The European Union wants to implement the plan without pointing fingers at the Americans. However, the latter has never been enthusiastic about the idea of ​​a tax that specifically targets hundreds of digital companies, a large part of which comes from the Atlantic Ocean.

Bercy and Brussels believe that the terms of their digital tax application are in line with the US government … but do not completely abandon the plan in the face of strong US opposition.

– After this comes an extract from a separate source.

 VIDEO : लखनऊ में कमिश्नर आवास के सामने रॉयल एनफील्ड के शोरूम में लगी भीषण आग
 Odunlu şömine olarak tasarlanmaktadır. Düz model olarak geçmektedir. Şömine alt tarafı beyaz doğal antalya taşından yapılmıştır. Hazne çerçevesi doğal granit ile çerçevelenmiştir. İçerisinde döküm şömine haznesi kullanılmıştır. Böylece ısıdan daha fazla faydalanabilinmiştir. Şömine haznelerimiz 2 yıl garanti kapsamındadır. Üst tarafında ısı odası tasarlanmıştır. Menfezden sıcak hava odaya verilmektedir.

Thomas Susportas with Paul Lewis

Latest articles

Driving Efficiency: How Telematics Can Transform Fleet Management in Ireland

Fleet management in Ireland is changing and fast. Modern telematics technology now allows business...

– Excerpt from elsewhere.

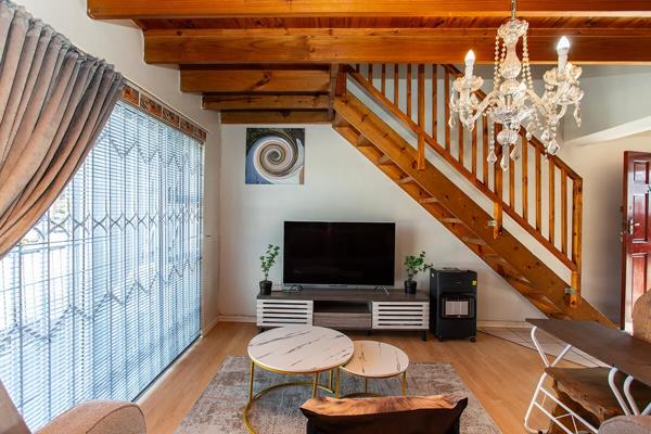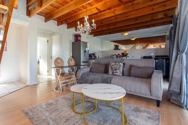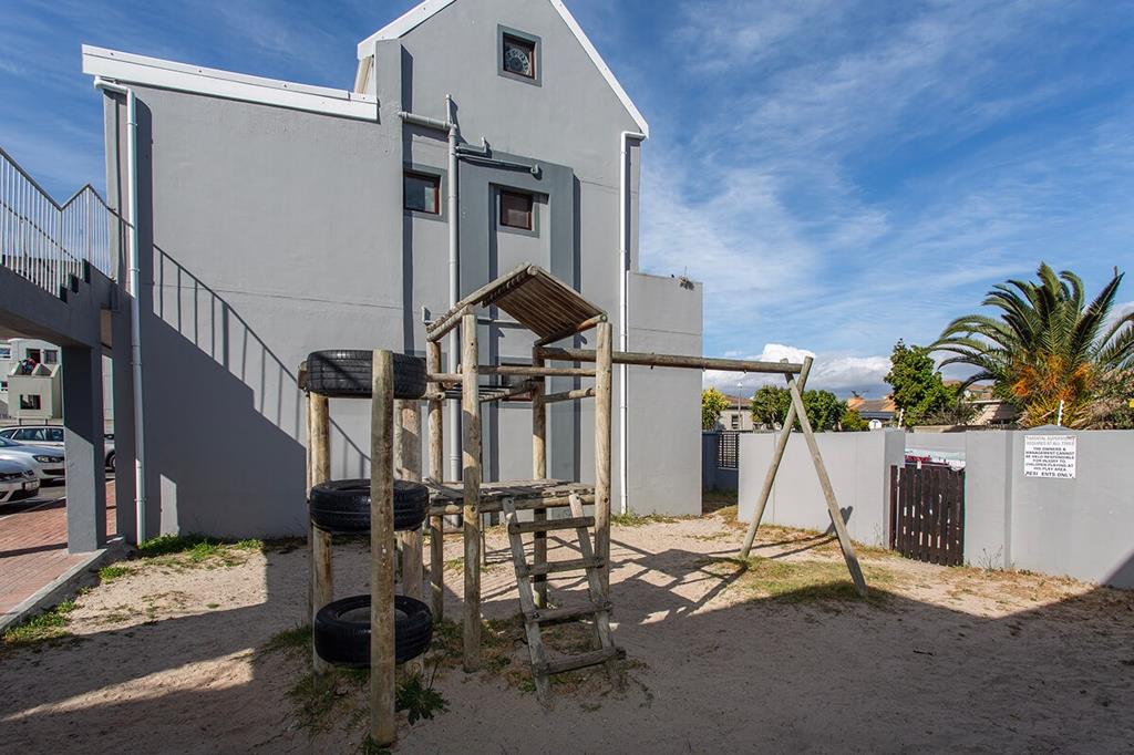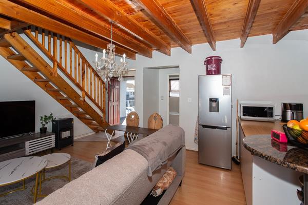 This first floor light and bright apartment offers an open plan lounge and kitchen. Laminated floors in the lounge and tiles in the kitchen. The kitchen has ample cupboards, plumbing point for washing machine and stove.

Building a Supportive Community for Weight Loss: Why It Matters

Starting a new weight loss journey can feel a little overwhelming and lonely too,...

Golf: Irish Open winner Rasmus Højgaard breaks Rory McIlroy's heart

Rasmus Højgaard birdied his last three...

Travel to the United Kingdom: Everything you need to know about the new paid visa soon to be mandatory

"The ETA (Electronic Travel Authorization) is being sought to improve security and modernize the...

More like this

Driving Efficiency: How Telematics Can Transform Fleet Management in Ireland

Fleet management in Ireland is changing and fast. Modern telematics technology now allows business...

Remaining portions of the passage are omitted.